FRANKFURT - Inflation jumped to a startling 3.0 per cent in September in the 17 countries that use the euro, its highest level since October 2008.
The number reported Friday by the European Union's statistics agency is a big increase from 2.5 per cent in August and the scale of the increase was unexpected.
Ahead of the release, some economists had said a technical change in the way statistics are kept for seasonal goods could have an unexpectedly big impact on the headline inflation rate. Some economists expected little or no change while others had predicted a figure as high as 2.9 per cent.
Still, the eye-catching increase could complicate upcoming interest rate decisions by the European Central Bank. The bank has been under pressure to cut rates soon as economic growth in the eurozone has stalled.

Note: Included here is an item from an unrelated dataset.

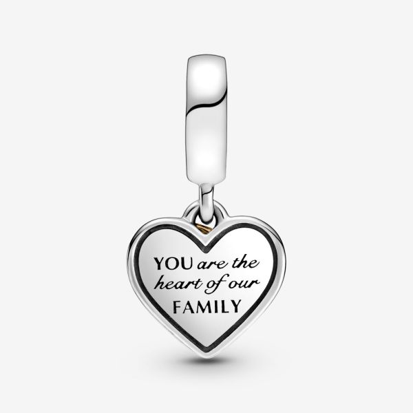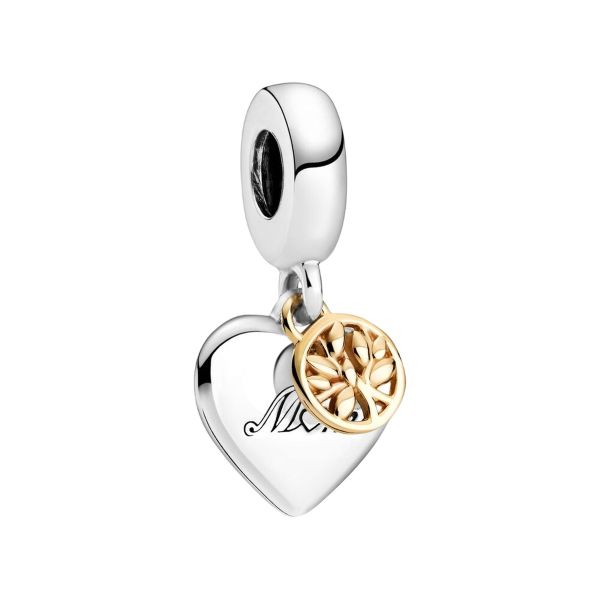 Der Zweifarbiger Stammbaum & Herz Charm-Anhänger erinnert Dich an die Beziehung zwischen Dir und Deiner Mutter. Dieses handveredelte Design aus Sterling-Silber und 14 Karat Gold besteht aus einem Herzanhänger. Vorne trägt er die Gravur „Mum“, wobei das „U“ durch ein Herz ersetzt wurde. Auf der Rückseite steht „You are the heart of your family“. Der vordere Anhänger aus 14 Karat Gold zeigt einen runden Rahmen mit einem offenen gearbeiteten Familienstammbaum. Überrasche Deine Mutter mit diesem Schmuckstück, damit sie Deine Liebe stets bei sich tragen kann.

The number follows a higher than expected 2.6 per cent figure for the eurozone's largest member, Germany. That report cited higher oil prices and increases in the prices of clothing and shoes as merchants put out new fall and winter offerings.
The European Central Bank meets Thursday in Berlin for its next rate-setting meeting. Many economists think the bank could signal it is ready to cut its key rate from 1.5 per cent in the coming weeks and months because of fears that the eurozone debt crisis will push the continent back into a recession.
Recession fears argue for cutting rates, since that stimulates growth by lowering borrowing costs for businesses.
The bank is unlikely to cut rates, however, unless it thinks there is no danger of higher inflation.
Other recent inflation indicators, such as the EU survey of sales prices expectations, have been pointing down, and the recent slackening growth also bears down on price pressures.